What this task involves: Shown below are entries with pictures; the line with "2022年6月精煉鋅出口6943噸,是去年同期的12倍,環比上月減少80%。" through the line with "ANIMO Damen Reitjacket" is the span to retype exactly, and the pictures stay out.

*** Dataset entries ***

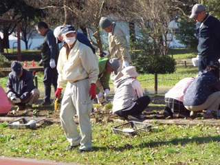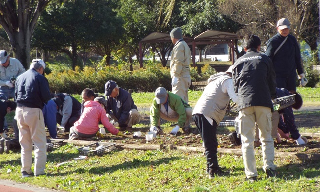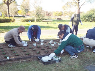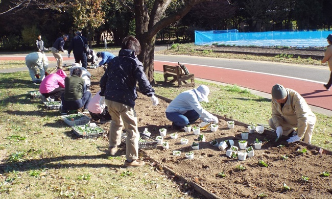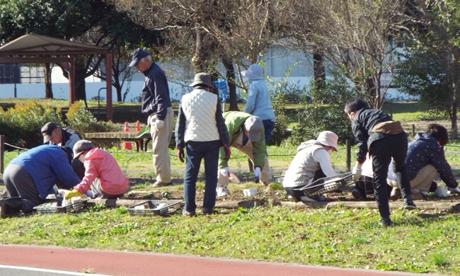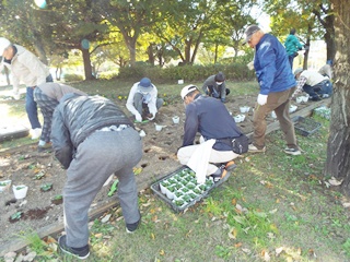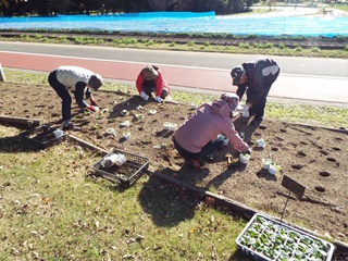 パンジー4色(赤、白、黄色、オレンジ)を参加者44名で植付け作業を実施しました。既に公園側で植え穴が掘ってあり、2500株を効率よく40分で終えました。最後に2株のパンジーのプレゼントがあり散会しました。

***
*** Dataset entries ***

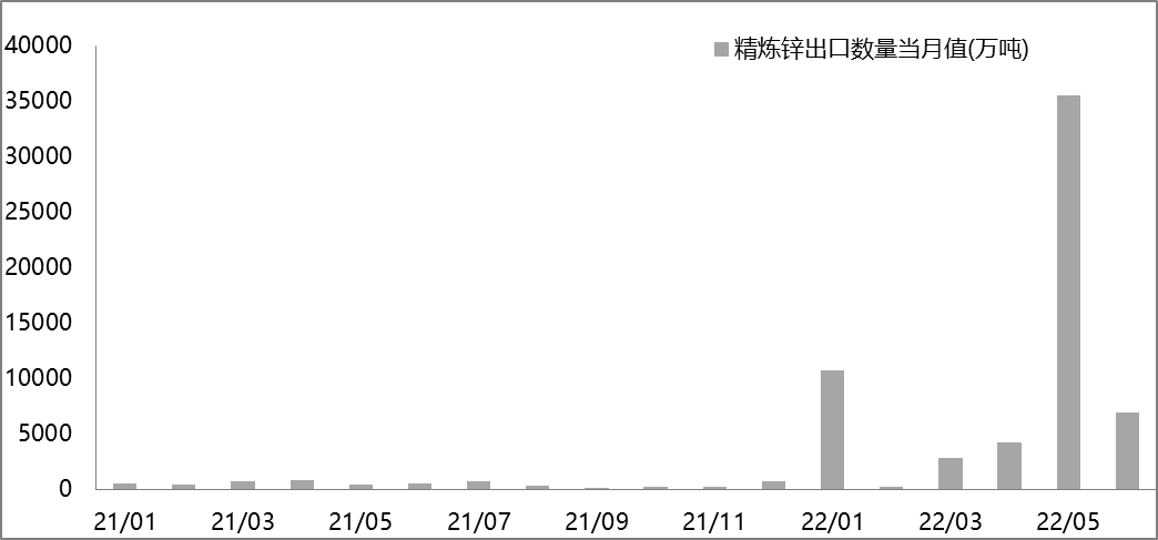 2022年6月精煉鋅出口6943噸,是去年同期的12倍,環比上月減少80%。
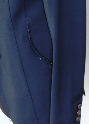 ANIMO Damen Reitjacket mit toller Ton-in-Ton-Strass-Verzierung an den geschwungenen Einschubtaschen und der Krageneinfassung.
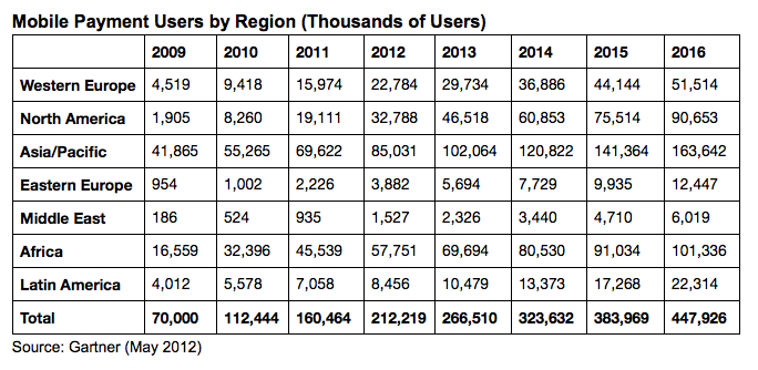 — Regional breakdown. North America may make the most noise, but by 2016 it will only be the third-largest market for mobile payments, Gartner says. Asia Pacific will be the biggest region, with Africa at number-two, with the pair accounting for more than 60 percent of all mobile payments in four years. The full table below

***

Output of the task:
 2022年6月精煉鋅出口6943噸,是去年同期的12倍,環比上月減少80%。
 ANIMO Damen Reitjacket mit toller Ton-in-Ton-Strass-Verzierung an den geschwungenen Einschubtaschen und der Krageneinfassung.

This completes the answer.